Here is the business end of the driver's side rod end.  There is no way to describe this other than it is built big and tough.  The threads measured .85" in diameter. 

So, all three rod ends were connected and the castle nuts torqued to 55 ft. lbs, per the install instructions supplied by Currie.  Cotter pins were inserted into the castle nuts and we were two thirds of the way through our project.  Next was the toe alignment.

I had not done my own toe-in adjustment before this project but I could see no reason not to learn how to do it.  During my last front end alignment, a local Jeeper, FlexyXJ, let me come into the back of the shop and watch has he did mine (in fact, he put my ZJ tie rod on at the same time I was getting my alignment done).  He didn't use the fancy laser and computer setup like so many shops use these days....he prefers the old fashioned method and I liked the results.

We put the tires back on and I torqued the lug nuts to 100 ft. lbs.  The tires, prior to our making any adjustments, looked as though they were pointing in two different directions.  Before we got down to making any accurate measurements, we needed to get them both pointing toward the front of the vehicle.  With the clamps still loose, we turned the tie-rod and brought the tires more towards the front of the vehicle.  We also turned on the adjusting sleeve on the drag link (near the pitman arm), with the steering wheel near its center of travel, to further get the tires and wheels into a more correct relationship with each other.  OK....things were looking a bit better now.

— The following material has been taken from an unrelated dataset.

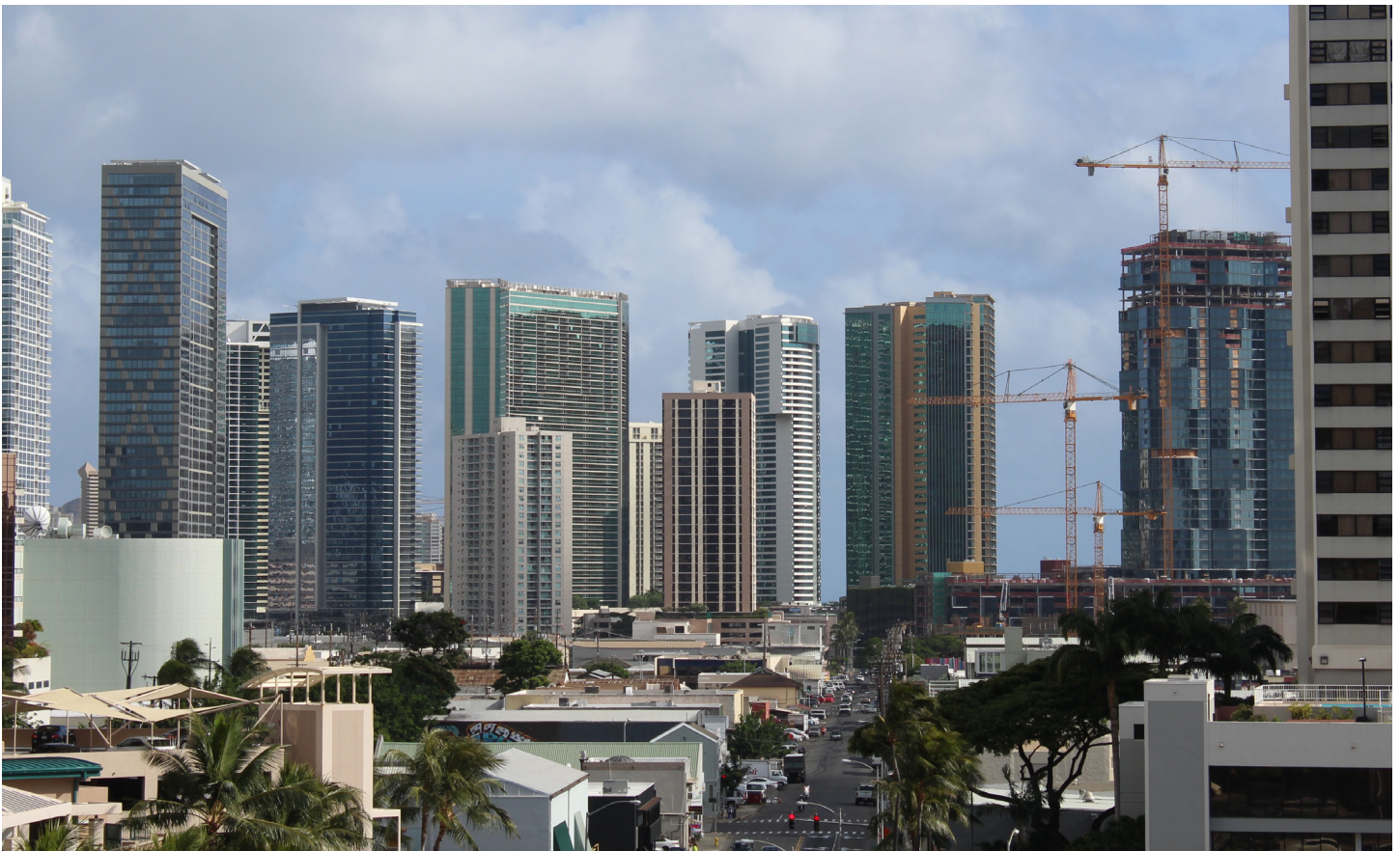
Kakaako skyline.

With axle supported just enough to allow the wheels to freely spin, Scott spun the tire while I painted a striped down the tire using some grey primer.  We needed to lay down a clealry visible background for our measurements that we were about ready to start.


I slid a milk crate up to the tire and grabbed a Phillips screw driver (with a good pointy tip).  As Scott continued to spin the tire, I carefully scribed a line on the freshly painted tire.  You can see it in the picture.  Note that you can NOT move the screw drier (or what ever you decide to use) while doing this.  The key is that you will have a line on the tire that runs perfectly around the tire in a straight line.  This is done on both tires.  The result will be a thin fine line on each tire that we will then use as our measuring points.

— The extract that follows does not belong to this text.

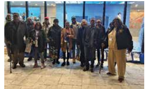
Gathering with our valued community leaders.
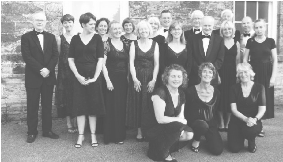
Members of St Mewan Sinfonia

Select a point half way up the height of the tire (on both sides) and measure the distance between the lines at that spot.  Note the exact measurement as accurately as you can (yes, 1/32 of an inch will make a difference here).  Now, move the tape measure to the back side of the tires.  Again, select a point half way up the height of the tire and take your measure, just as you did on the front side.  For a 35" tire, the correct toe-in measurement will have your the front and rear measurements differing by slightly more than 1/8" (with the front measurement being the smaller of the two).  I guess I should say that this is MY correct toe-in measurement.  You can obviously set yours up for what ever you want.  Some folks like no toe-in at all.  (I tried this and found that my TJ wanders just a bit on the highway when set up this way.)  

It makes no difference what the actual measurements are but only that they differ by approximately 1/8" (I call it "fat" eight inch...again, these are MY measurements).  Continue to turn (adjust) the tie-rod until you obtain the desired toe in.  Now tighten the clamps at each end of the tie rod.  We found we had to "tweak" our tie rod rotation ever so slightly so that the passenger side clamp would properly clear the nearby brackets on the axle.  The Currie instructions mention that you should check this and you want to be sure that you won't have hardware mashing into each other when your suspension cycles while your wheels are turned side to side.  Take your time while you do the toe-in and get it right.